Kobermann – »Katalysator« (goldgelb records)
Hinter dem Pseudonym Kobermann steckt schon seit einer ganzen Weile Johannes Piller, seines Zeichens Geschäftsführer der Grellen Forelle in Wien. Wer Piller sagt, muss aber zwangsläufig auch Laminat erwähnen. Unter diesem Namen ist Johannes Piller nämlich für ClubgehrerInnen nicht nur innerhalb Wiens ein Begriff. Laminat steht für treibenden und atmosphärischen House. Das, was dort in anmutig klingende Reinform gegossen wird, lässt wenig Platz für die Erkundung experimenteller Abgründe. Genau dafür hat Piller aber mit Kobermann ein Ventil gefunden. Auf »Katalysator«, seiner ersten Langspielveröffentlichung, die jetzt auf dem Wiener Kassettenlabel goldgelb records erschienen ist, fällt gleich einmal zu Beginn die Sonne vom Himmel. Düster und unheimlich gibt sich der Sound des Albums, wobei hier bewusst auf alles verzichtet wurde, was in irgendeiner Weise als Störfaktor wirken könnte. So abstrahiert die Stücke auch daherkommen mögen, es tut sich beim genauen Hinhören einiges. Mit Field-Recordings wird ein Fundament gelegt, das sich über einen Großteil der 60 Minuten des Albums erstreckt. »Zero Hit Wonder«, das 13 Minuten lang auf wunderbar entspannten 100 bpm dahinschlurft, lässt irgendwann überhaupt nur noch die Umgebungsgeräusche für sich sprechen. Spielende Kinder, singende Vögel, das in der Ferne ertönende Tatütata der Polizei.
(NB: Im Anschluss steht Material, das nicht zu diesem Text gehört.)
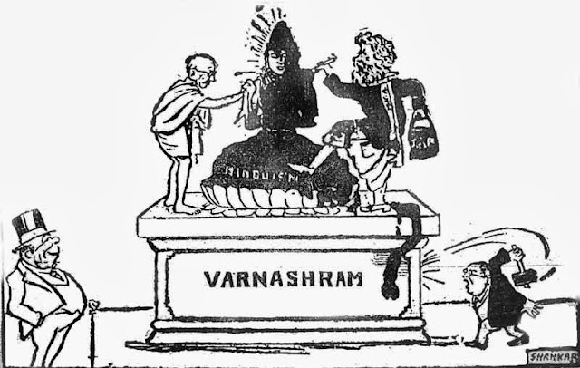 (सनातनी हिंदु धर्माला डांबर फासत आहेत . गांधीजी ते कष्टाने पुसू पाहत आहेत आणि आंबेडकर त्याचा पाया असलेल्या वर्ण व्यवस्थेवर हातोड्याने घाव घालत आहेत. ब्रिटीश लांबून मजा बघत आहेत- तत्कालीन व्यंगचित्र )

Diese freizügige Sinnlichkeit findet allerdings bald ihr vorzeitiges Ende. Mit rauschenden Synth-Fahnen, intelligent zurückhaltenden Drum-Patterns und verhallten Sprachfetzen versteht es Kobermann, eine außerordentlich beklemmende Stimmung zu evozieren. Die geballte Wut (»Below Zero«, »Trust«) verpackt in einer Dark-Wave-Attitüde, die sich über das Album kontinuierlich steigern kann und schlussendlich etwas ratlos zurücklässt. War das jetzt echt oder nur die hyperreale Abbildung von gutgemachtem Sci-Fi-Horror?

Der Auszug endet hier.